+++ DATA BELOW +++

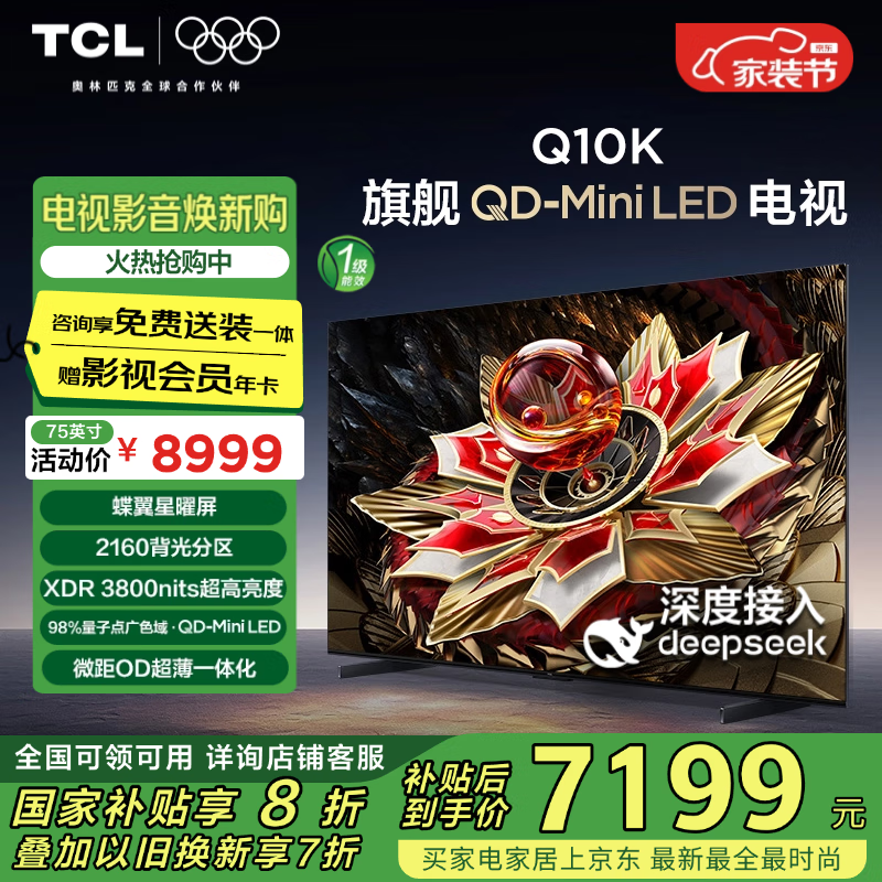 TCL 75Q10K 75英寸液晶电视京东促销价4944元
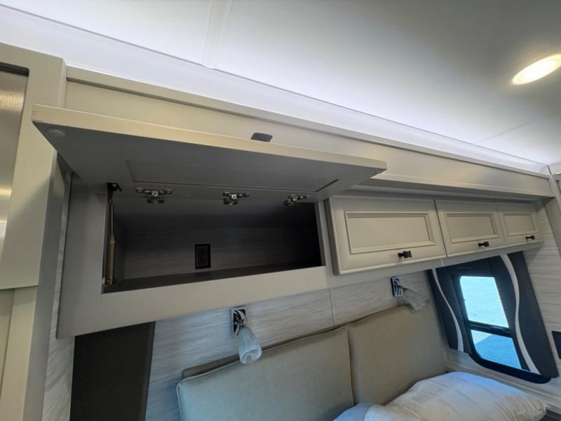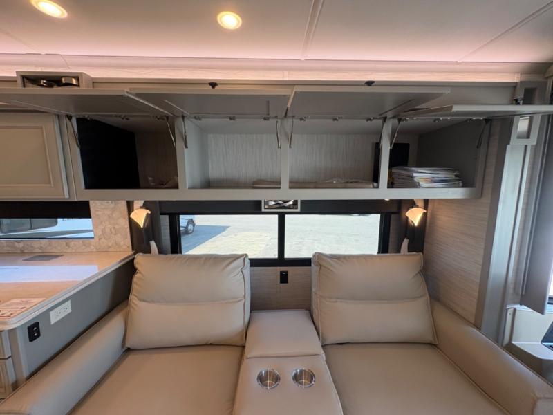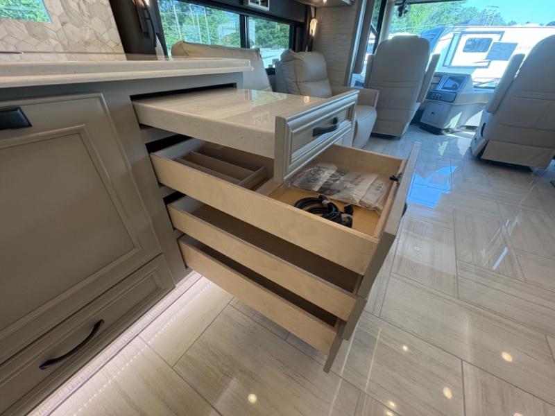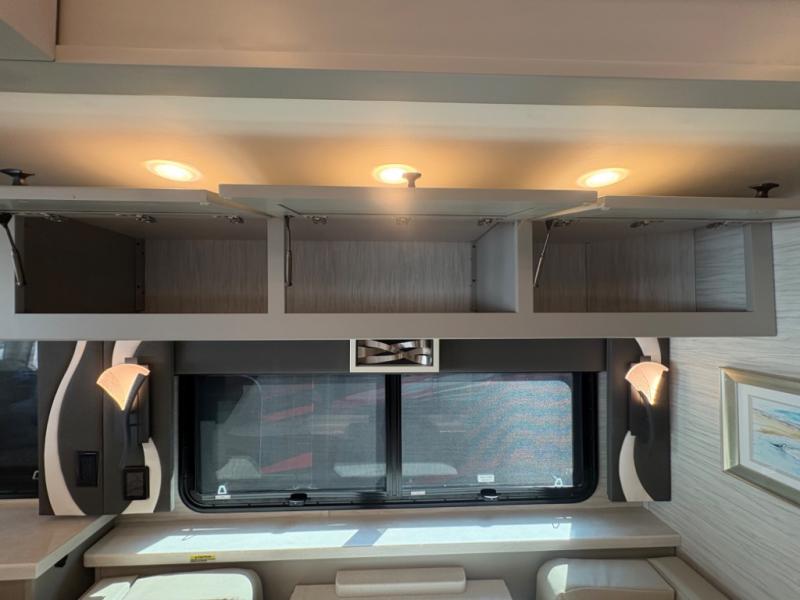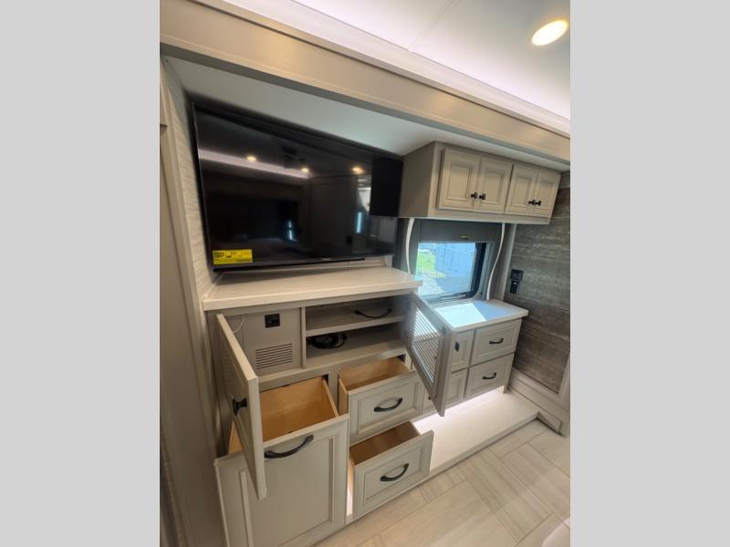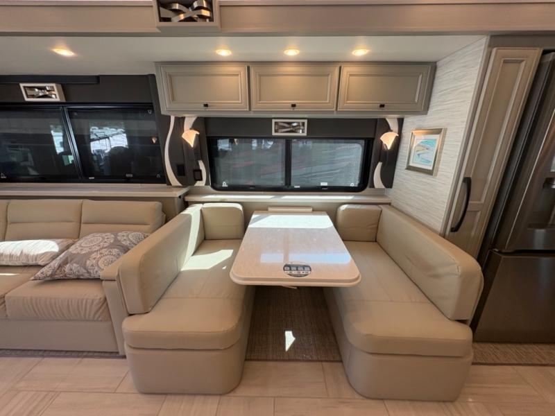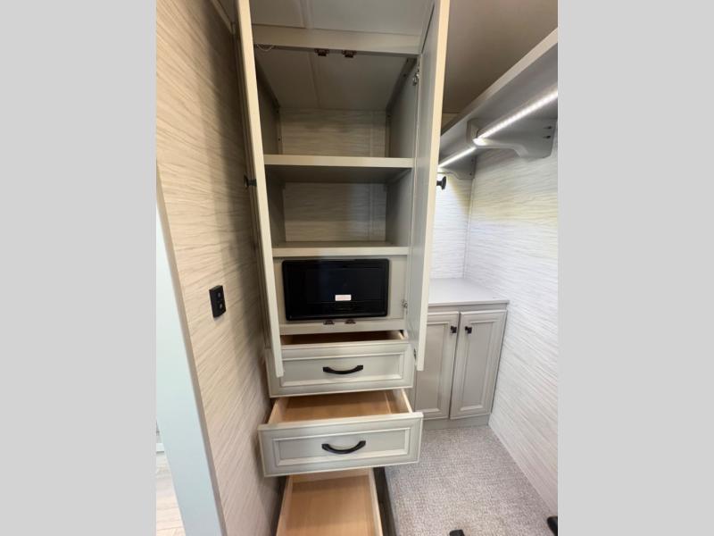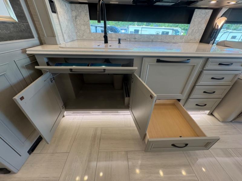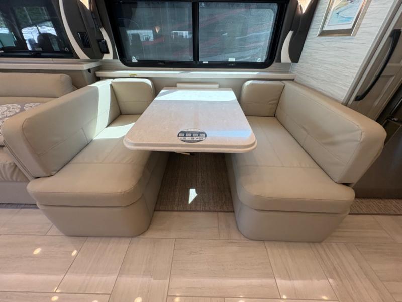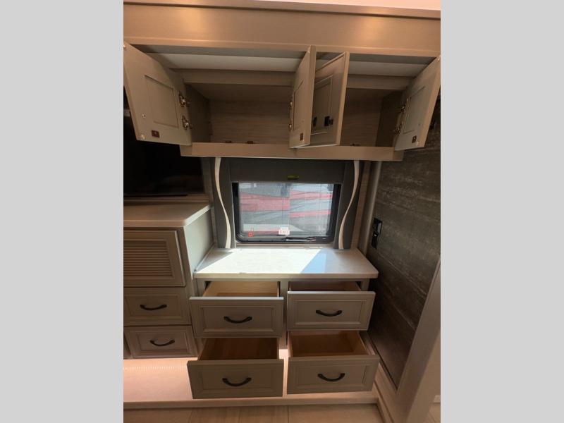 You won't want to travel any other way once you step inside this Phaeton motorhome! The full rear bathroom is decked out in convenient features like the large closet that has a cabinet with drawers below, an area prepped to add an optional washer and dryer, plus a shower with a seat and a dual sink vanity with a tri-view mirror. The kitchen has a stainless steel refrigerator to keep your perishables fresh, a countertop extension for more prepping and storage space, and the ability to add an optional drawer-type dishwasher for easy clean up. You can enjoy your meals at the booth dinette-sleeper then relax on either the air coil sofa bed or DE sofa bed with a lift TV above it. A few options you might want to add are the optional outdoor grill, the drop-down front bunk, the dinette with chairs, and more.
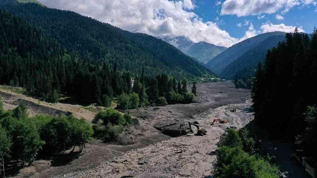 O ministro da Infraestrutura, Irakli Karseladze, foi ao local e relatou o desaparecimento de 35 pessoas, “com as quais não é possível estabelecer contato”, disse à imprensa local.
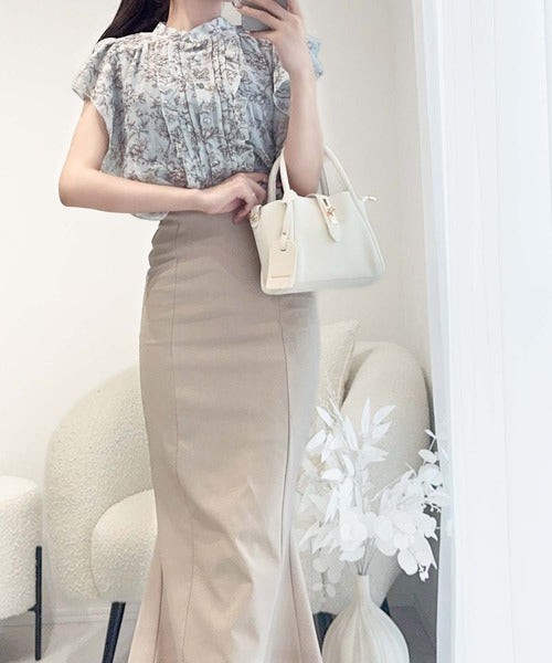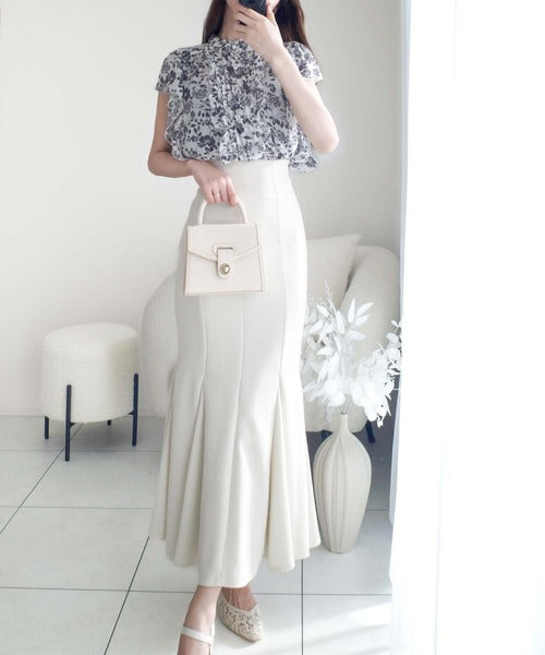 ボトムスはマーメイドスカートやフレアスカートで合わせて

+++

## TASK TO COMPLETE:
From the line that contains "O ministro da" through the last line of the listing, copy each line exactly; both end lines stay in, and pictures stay out.

## COMPLETED EXERCISE:
 O ministro da Infraestrutura, Irakli Karseladze, foi ao local e relatou o desaparecimento de 35 pessoas, “com as quais não é possível estabelecer contato”, disse à imprensa local.
 ボトムスはマーメイドスカートやフレアスカートで合わせて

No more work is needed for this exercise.